* _What you need to do_: A picture-free, exact transcript of the entries below is required.

* _Stored data entries_:
┄┄┄┄┄┄┄┄┄┄
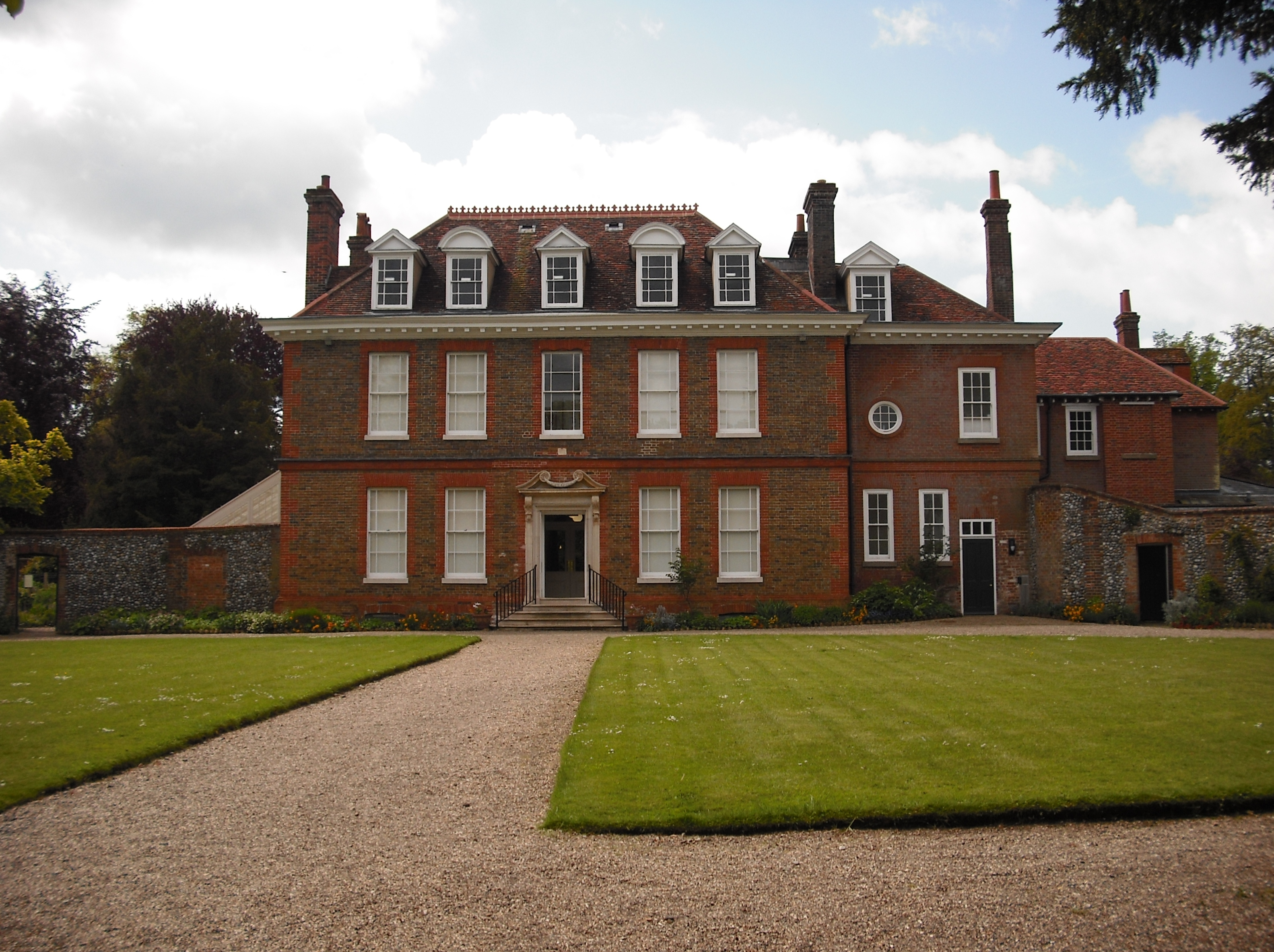 Abbots Hall, at the Museum of East Anglian Life, Stowmarket, Suffolk
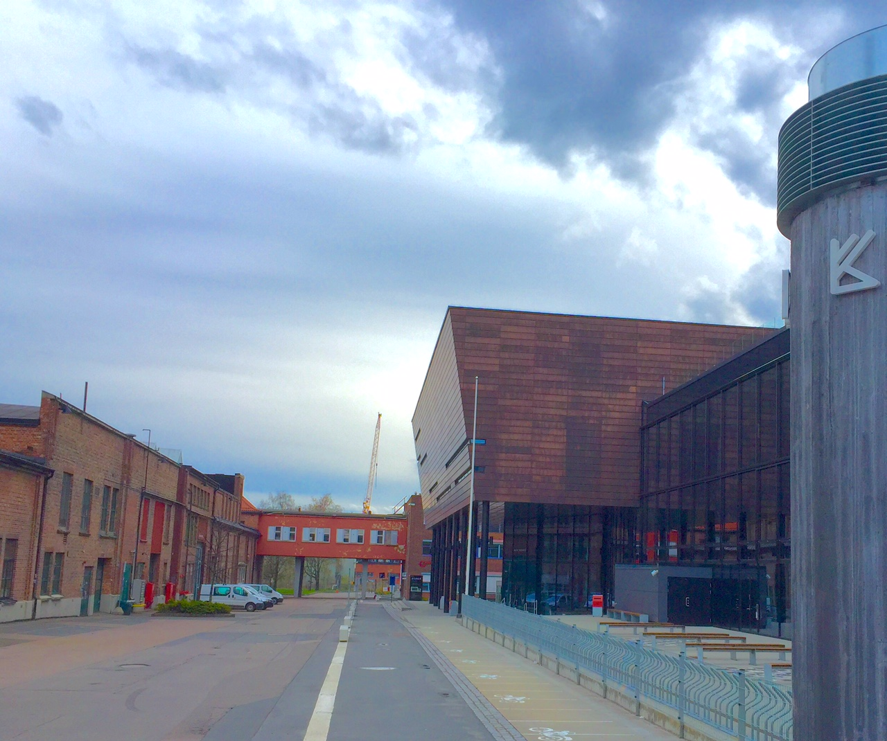 Kabelgaten street in Oslo, Norway
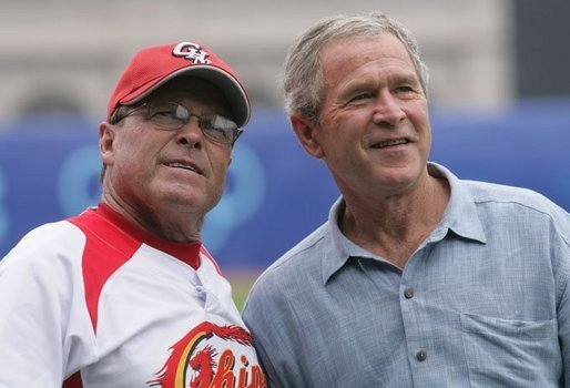 President George W. Bush talks with the Chinese Olympic men's baseball team manager, Jim Lefebvre, prior to a practice game with the U.S. Olympic men's baseball team Monday, August 11, 2008, at the 2008 Summer Olympic Games in Beijing.
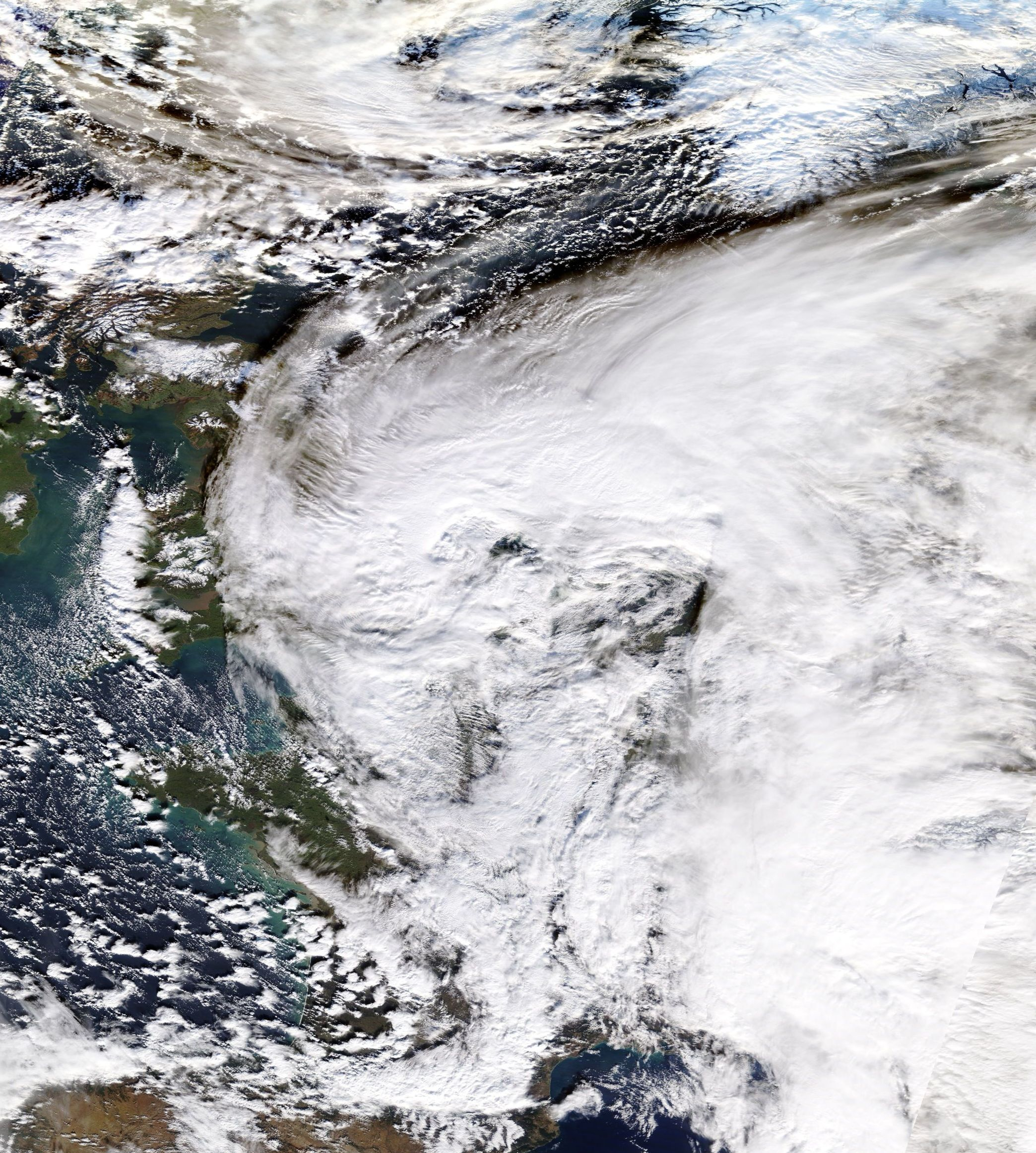 Storm Bruno over the North Sea on December 27, 2017.
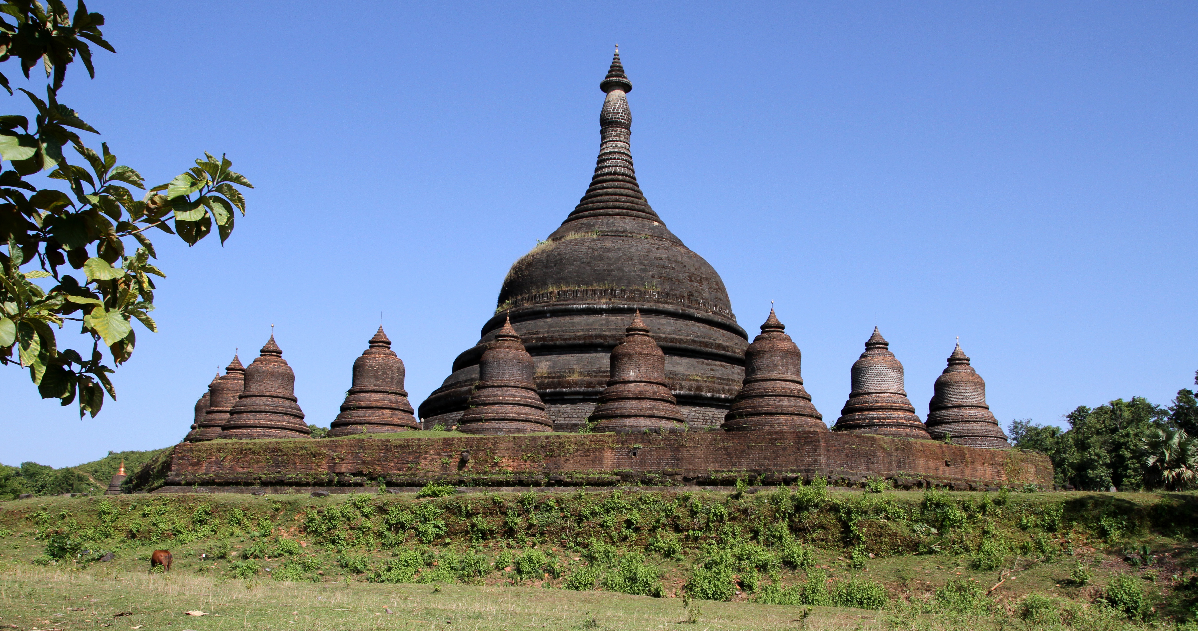 Ratanabon temple, Mrauk U, Myanmar.
┄┄┄┄┄┄┄┄┄┄
* _Expected answer_:
 Abbots Hall, at the Museum of East Anglian Life, Stowmarket, Suffolk
 Kabelgaten street in Oslo, Norway
 President George W. Bush talks with the Chinese Olympic men's baseball team manager, Jim Lefebvre, prior to a practice game with the U.S. Olympic men's baseball team Monday, August 11, 2008, at the 2008 Summer Olympic Games in Beijing.
 Storm Bruno over the North Sea on December 27, 2017.
 Ratanabon temple, Mrauk U, Myanmar.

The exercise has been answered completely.